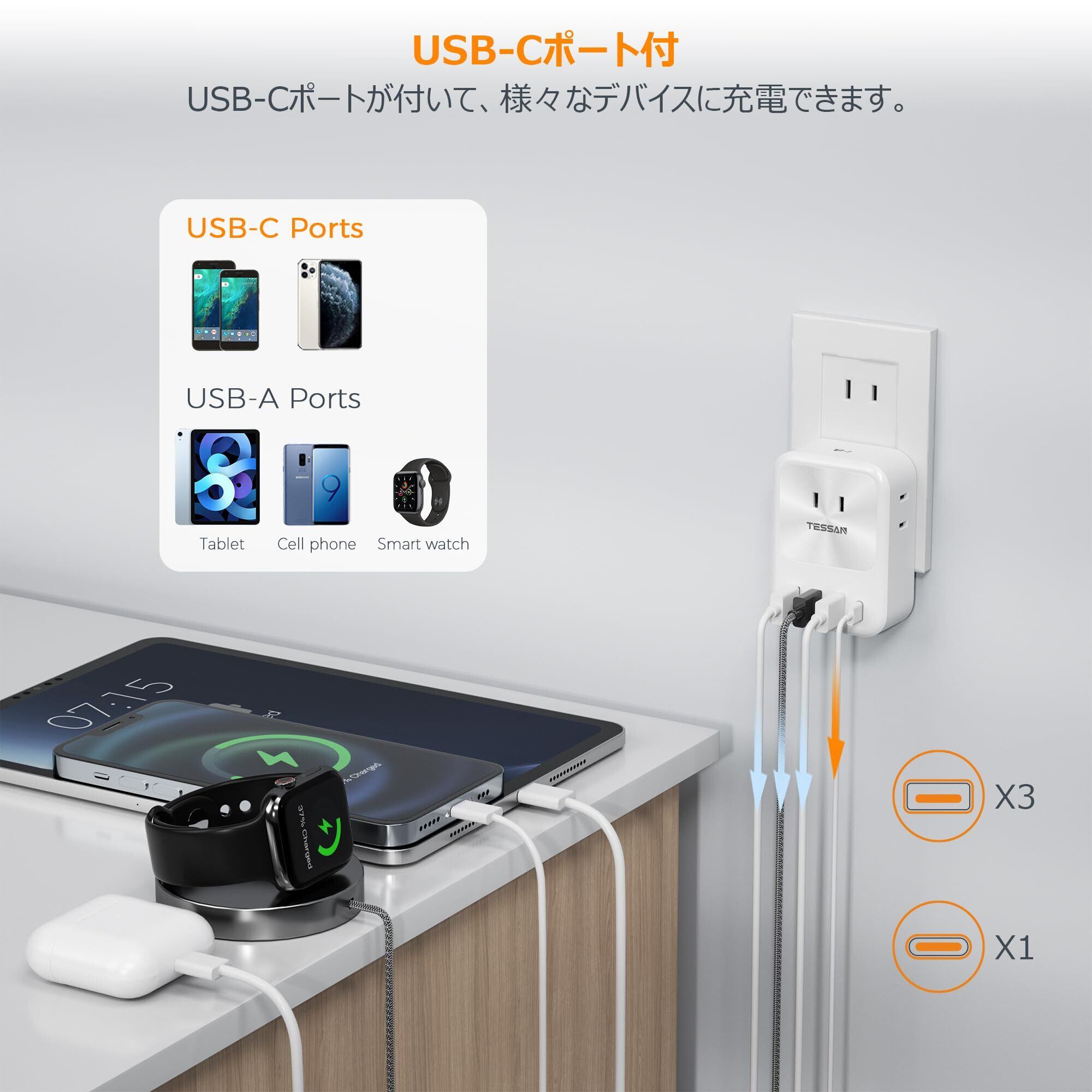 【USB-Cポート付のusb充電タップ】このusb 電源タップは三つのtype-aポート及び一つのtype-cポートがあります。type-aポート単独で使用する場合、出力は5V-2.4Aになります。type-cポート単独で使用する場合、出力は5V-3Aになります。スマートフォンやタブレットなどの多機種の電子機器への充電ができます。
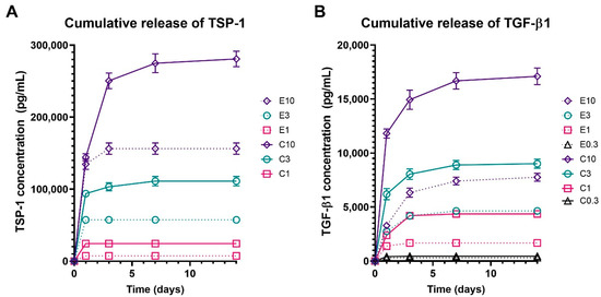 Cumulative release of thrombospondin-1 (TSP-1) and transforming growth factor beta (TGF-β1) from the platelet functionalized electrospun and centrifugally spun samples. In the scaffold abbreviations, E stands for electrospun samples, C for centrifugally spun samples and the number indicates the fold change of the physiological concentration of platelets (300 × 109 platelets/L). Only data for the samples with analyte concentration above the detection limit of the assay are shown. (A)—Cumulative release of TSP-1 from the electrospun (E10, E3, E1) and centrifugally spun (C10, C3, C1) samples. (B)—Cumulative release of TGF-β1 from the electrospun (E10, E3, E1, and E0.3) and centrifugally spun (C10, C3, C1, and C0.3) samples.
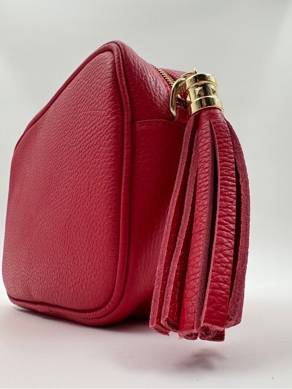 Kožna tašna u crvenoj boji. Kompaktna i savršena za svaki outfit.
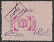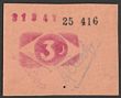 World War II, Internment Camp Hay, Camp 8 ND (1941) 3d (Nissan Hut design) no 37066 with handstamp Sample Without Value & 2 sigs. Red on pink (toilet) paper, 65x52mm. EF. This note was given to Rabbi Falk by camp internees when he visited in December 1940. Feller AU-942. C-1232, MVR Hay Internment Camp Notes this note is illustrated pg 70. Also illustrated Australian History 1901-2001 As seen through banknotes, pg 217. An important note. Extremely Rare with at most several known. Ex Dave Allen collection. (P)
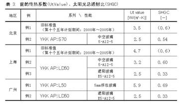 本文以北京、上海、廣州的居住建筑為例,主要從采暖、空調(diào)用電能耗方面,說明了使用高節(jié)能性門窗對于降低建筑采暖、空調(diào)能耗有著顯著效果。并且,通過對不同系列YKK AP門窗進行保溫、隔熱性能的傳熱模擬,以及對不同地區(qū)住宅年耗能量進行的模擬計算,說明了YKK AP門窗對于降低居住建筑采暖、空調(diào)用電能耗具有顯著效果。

____________

* _Work required_: Copy the entries exactly. Leave the pictures out.

* _Response to this task_:
 【USB-Cポート付のusb充電タップ】このusb 電源タップは三つのtype-aポート及び一つのtype-cポートがあります。type-aポート単独で使用する場合、出力は5V-2.4Aになります。type-cポート単独で使用する場合、出力は5V-3Aになります。スマートフォンやタブレットなどの多機種の電子機器への充電ができます。
 Cumulative release of thrombospondin-1 (TSP-1) and transforming growth factor beta (TGF-β1) from the platelet functionalized electrospun and centrifugally spun samples. In the scaffold abbreviations, E stands for electrospun samples, C for centrifugally spun samples and the number indicates the fold change of the physiological concentration of platelets (300 × 109 platelets/L). Only data for the samples with analyte concentration above the detection limit of the assay are shown. (A)—Cumulative release of TSP-1 from the electrospun (E10, E3, E1) and centrifugally spun (C10, C3, C1) samples. (B)—Cumulative release of TGF-β1 from the electrospun (E10, E3, E1, and E0.3) and centrifugally spun (C10, C3, C1, and C0.3) samples.
 Kožna tašna u crvenoj boji. Kompaktna i savršena za svaki outfit.
 World War II, Internment Camp Hay, Camp 8 ND (1941) 3d (Nissan Hut design) no 37066 with handstamp Sample Without Value & 2 sigs. Red on pink (toilet) paper, 65x52mm. EF. This note was given to Rabbi Falk by camp internees when he visited in December 1940. Feller AU-942. C-1232, MVR Hay Internment Camp Notes this note is illustrated pg 70. Also illustrated Australian History 1901-2001 As seen through banknotes, pg 217. An important note. Extremely Rare with at most several known. Ex Dave Allen collection. (P)
 本文以北京、上海、廣州的居住建筑為例,主要從采暖、空調(diào)用電能耗方面,說明了使用高節(jié)能性門窗對于降低建筑采暖、空調(diào)能耗有著顯著效果。并且,通過對不同系列YKK AP門窗進行保溫、隔熱性能的傳熱模擬,以及對不同地區(qū)住宅年耗能量進行的模擬計算,說明了YKK AP門窗對于降低居住建筑采暖、空調(diào)用電能耗具有顯著效果。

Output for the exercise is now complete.